A sequence of short-duration pulses is transmitted by the radar, and the same sequence is repeated after a certain period known as the pulse repetition interval or (PRI) [31]. These repetitions are gathered in a 2D matrix, which can be represented as follows:

r [n, m] = \sum_{n = 1}^{N} y [n, k - m] + N o i s e

(4)

where N denotes the noise vector and k is the delay between the transmitted and received signals. The corresponding matrix form, known as the data matrix, can be written as follows:

\vec{R} = {\vec{Y}}_{n, m} + N

(5)

Here, rows ‘n’ and columns ‘m’ are referred to as the “fast time” and “slow time”, respectively. “Fast time” comprises a sequence of the pulses transmitted by the radar while “slow time” is the repetition of these transmitted pulses, depending upon the PRI.
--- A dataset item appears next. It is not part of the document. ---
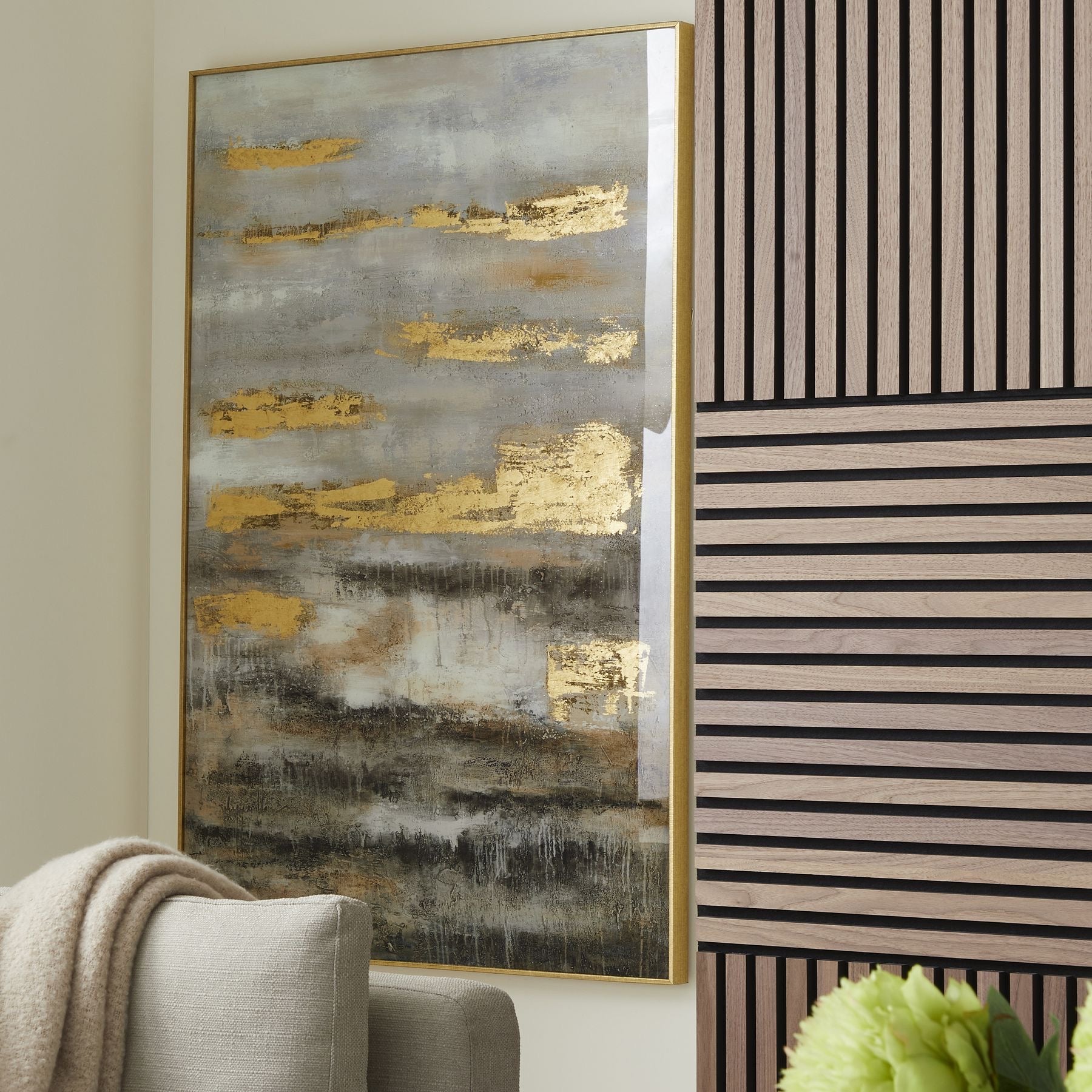 Large Abstract Grey And Gold Glass Image With Gold Frame

The clutter-removed signal was statistically normalized before further processing. The objective of the statistical normalization process was to prepare a uniform set of data ranges for training purposes. Data normalization or feature scaling reduces the overall variance of the measurement data, making classification easier. For the purpose of normalization, we used the following equation:

{\vec{R}}_{normalized} = a b s (\frac{\vec{R} - µ}{δ})

(6)

where µ and

δ

are the mean and standard deviation of matrix

\vec{R}

. Here, we are subtracting the mean value of

\vec{R}

from the original matrix and dividing the result by the overall standard deviation. The absolute of the resultant is taken to obtained the final normalized matrix. The normalization process was performed for each training sample.
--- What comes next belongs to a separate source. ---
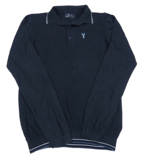 Tmavomodrý vzorovaný svetr s výšivkou a límečkem Next

2.4. Representation and Analysis of Gesture Data

The gesture vocabulary used for counting purpose is represented in Figure 5. The first column of Figure 5 represents the dynamic gestures used for the purpose of counting whereas, second and third columns represent the respective two dimensional data matrix and one dimensional absolute averaged signal. The gestures are classified based on the “count” of the raised fingers. Data corresponding to finger count “one” appears to be noisier in comparison to finger count “five”. For the case of data matrix representation in second column, magnitude of received signal is represented as increasing color from blue to yellow. The signal pattern in a single dimension (when averaged for a certain slow time) is not as clearly distinguishable when compared to the variations between the patterns in two dimensions.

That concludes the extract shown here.